Было уже почти два ночи, когда Гурьев подъехал к дому. Заведя в сарай мотоцикл, он, по извечной привычке, проверил периметр. Из Дашиного окошка сквозь ставни пробивался свет, и это его не порадовало. Он осторожно вошёл в дом – впрочем, не бесшумно, чтобы не пугать «стражу». Шульгин, выглянув из его комнаты и убедившись, что всё в порядке и все свои, нырнул обратно.
Зато девушка осталась, и выражение её лица ничего хорошего не предвещало.
— Где ты был?! Я чуть с ума от беспокойства не сошла. И Нина Петровна… А Денис Андреевич не говорит. И Алексей Порфирьевич молчит. Почему?!
— Потому что есть дела, о которых никому не положено знать, дивушко.

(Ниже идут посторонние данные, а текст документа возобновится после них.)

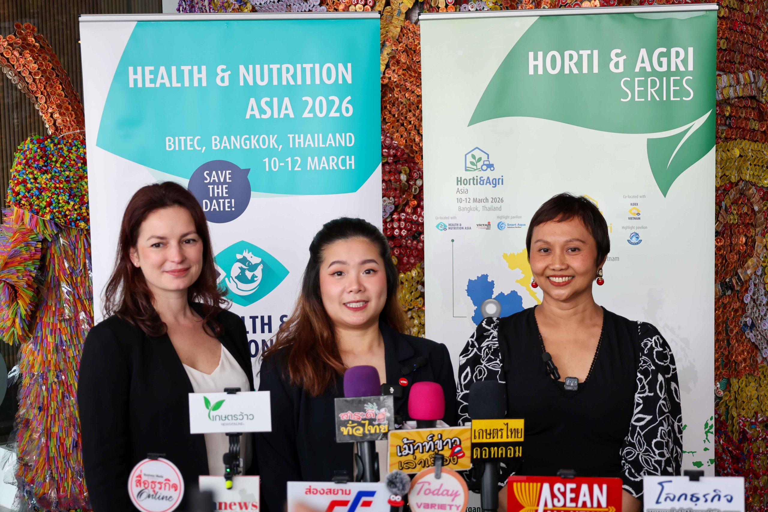 งาน Health & Nutrition Asia และ Horti & Agri Asia 2026 จัดขึ้นระหว่างวันที่ 10–12 มีนาคม 2569 ณ ศูนย์นิทรรศการและการประชุมไบเทค กรุงเทพฯ ผู้สนใจสามารถติดตามรายละเอียดและลงทะเบียนเข้าร่วมงานฟรีได้ที่ https://healthandnutrition.viv.net/ และ https://hortiandagriasia.com/ สอบถามโทร. 02-1116611 ต่อ 330-335

Никому совсем. А случиться со мной не может ничего. Ничего – тоже совсем. Так что волноваться – не надо этого. Не надо.
— Я знаю эти дела, — тихо произнесла Даша, и ноздри её затрепетали, а глаза наполнились слезами и потемнели от гнева. — Это Танькины духи. Вот и все дела. Ты не можешь без этого, да? Никак?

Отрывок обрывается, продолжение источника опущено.